Не счесть, сколько дней и вечеров я провела с Морин, помогая ей нянчить младшего братишку, словно он был и моим братцем. Наверное, поэтому временами я его люто ненавидела только за то, что он был. (Вы правильно догадались: желание опекать развилось у меня много позже.)
Однако в последнем классе школы мы с Морин несколько отдалились друг от друга. По той простой причине, что у неё возникло другое сильное увлечение, куда более захватывающее, чем дружба со мной. Его звали Рой Линдстром. Сразу после сдачи экзаменов они с Морин поженились и уехали в Калифорнию.
Поначалу мы, конечно, обменивались письмами, фотографиями и непременными поздравлениями на дни рождения и Рождество. Но потом все прекратилось.
Я поступила в колледж, затем перебралась в Нью-Йорк. Работа, замужество, вдовство… Но в тот момент, сидя напротив Питенчика, я вновь была в Аштабуле, штат Огайо, с моей самой близкой подругой.

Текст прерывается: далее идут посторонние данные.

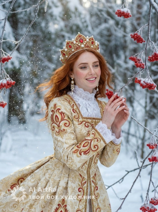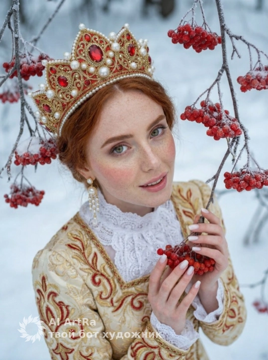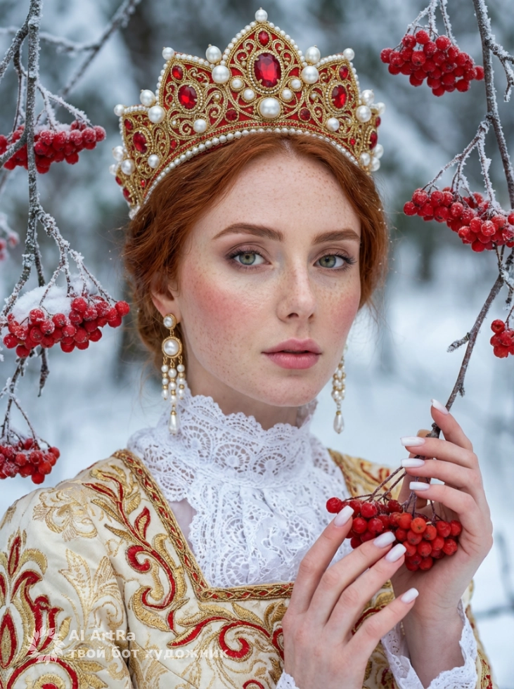 Русская царевна среди зимних ягод

Я вдруг живо припомнила (хотя, возможно, не совсем точно) её высокую угловатую фигуру, длинные каштановые волосы, ямочки, мелькавшие в уголках кукольных губ. Но лучше всего я помнила глаза Морин — большие, глубоко посаженные. Они были того же цвета и формы, что и голубые глаза, которые с невыразимым унынием смотрели на меня теперь.

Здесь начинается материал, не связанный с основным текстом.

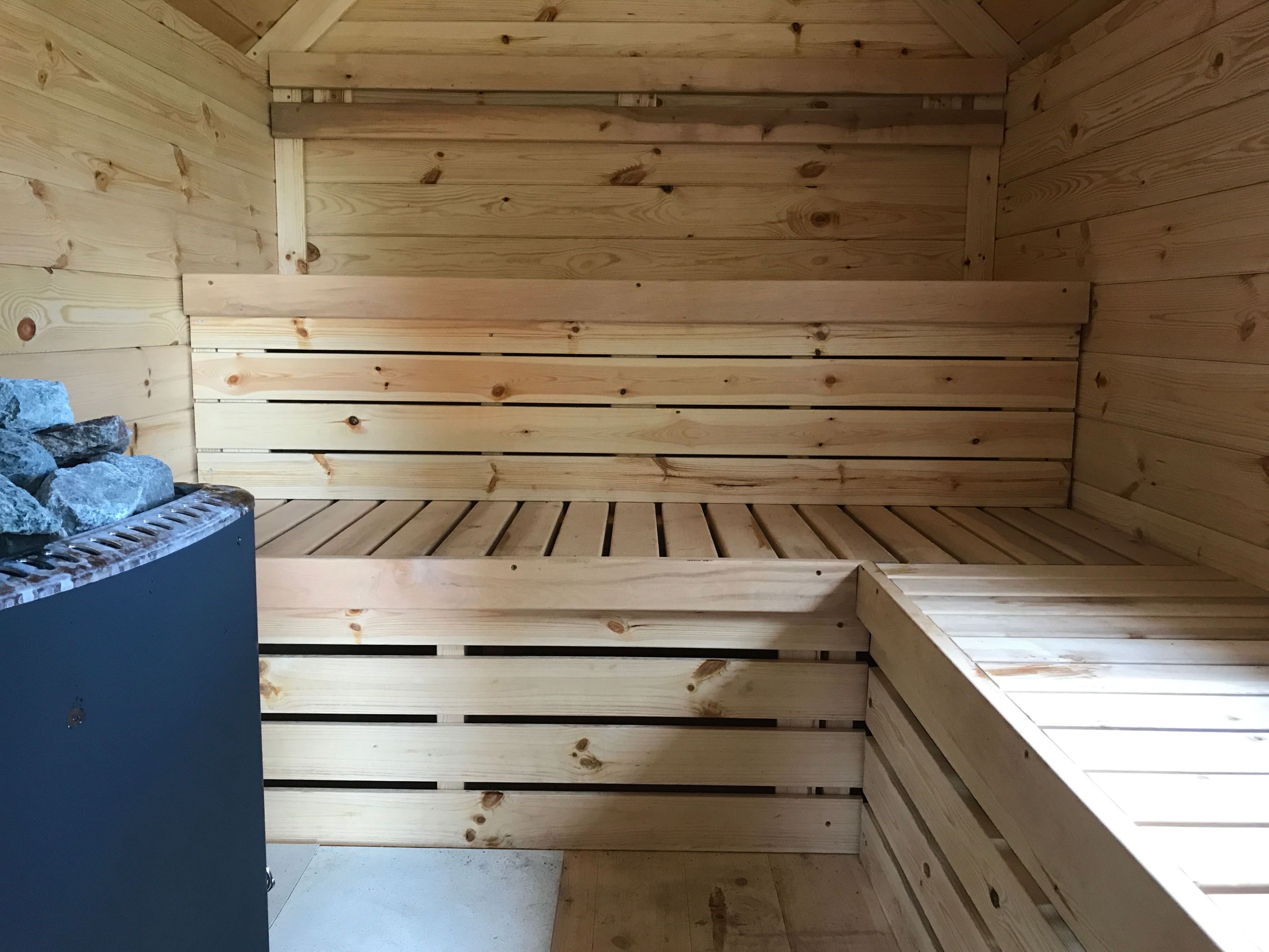 - Vedovn eller elektrisk til saunarom;

— Как Морин? — осведомилась я.
— Всё нормально. Лет шесть назад она вернулась в Аштабулу. У неё пятеро детей, трое младших живут с ней, а бывшего мужа след простыл. Но Морин — сильный человек. Прошлой осенью она открыла собственное турагентство, и, похоже, дела у неё идут неплохо. Она-то и посоветовала обратиться к тебе.
— Вот уж не думала, что ей известны моя теперешняя фамилия и адрес!
— Одна старая приятельница, Эми… фамилии не помню… случайно узнала, где ты живёшь, чем занимаешься и как тебя нынче именуют — Дезире Шапиро.
При этом на его лице не промелькнуло и тени улыбки. Из чего я заключила, что у Питенчика Уинтерса (надо бы перестать думать о нём как о неоперившемся птенце) забот полон рот. Что и подтвердилось секундой позже.
— Дезире, мне нужна твоя помощь, — произнёс он, подавшись вперёд. — Очень нужна.
— Что случилось?
— Девушка, с которой я был помолвлен, возможно, убита.
— Что значит «возможно»?
— Никто не знает точно, мертва она или лежит в больнице в коме. Но я должен это выяснить. — Затем он медленно, запинаясь, поведал жуткую историю.
Двумя днями ранее на невесту Питера и её сестру-близняшку было совершено вооружённое нападение в их квартире в Челси. И теперь одна из девушек лежит в морге, а другая — в больнице Св. Екатерины.
— И невозможно определить, кто из них кто. — Голос Питера дрогнул. — Потому что нападавший выстрелил им в лицо. Обеим.
— Боже, какой ужас! — пробормотала я и попыталась найти слова утешения, но в голове вдруг стало совсем пусто. Посему призналась жалобно: — Даже не знаю, что тебе на это сказать.
— Понимаю, не переживай.
— Но кто мог их так ненавидеть?
— Их все любили, — шёпотом обронил Питер.
— Давай-ка я свяжу тебя со следователем…
— Но я надеялся, что ты возьмёшься за это дело!
— Не могу, Питер. Я не занимаюсь убийствами.
— Ты не понимаешь! — Отчаяние придало ему сил, голос зазвучал громче. — Кто совершил это… — Он запнулся. — Кто это сделал, меня интересует в последнюю очередь. Прежде всего я хочу знать, жива Мэри Энн или мертва.
— Почему бы немного не потерпеть? Будем надеяться, выжившая девушка скоро придёт в сознание.
Они… доктора… понятия не имеют, когда это случится. И случится ли вообще. Прошу тебя, Дезире.
При мысли оказаться втянутой в очередное дело об убийстве я содрогнулась. Но передо мной сидел Питер, бывший мне когда-то почти братишкой, а теперь попавший в переделку, страшнее которой и представить себе нельзя. Не смогла я ему отказать. А умоляющий взгляд чудных голубых глаз окончательно меня добил.
Порешили на том, что я берусь за расследование. Но прежде я сурово приказала себе держать чувства в узде, что бы по ходу следствия ни открылось, а Питеру поставила условие: моей единственной целью будет установление личностей потерпевших.
— Большего от меня не жди, — строго предупредила я.
— Большего мне и не нужно, — заверил мой новый клиент.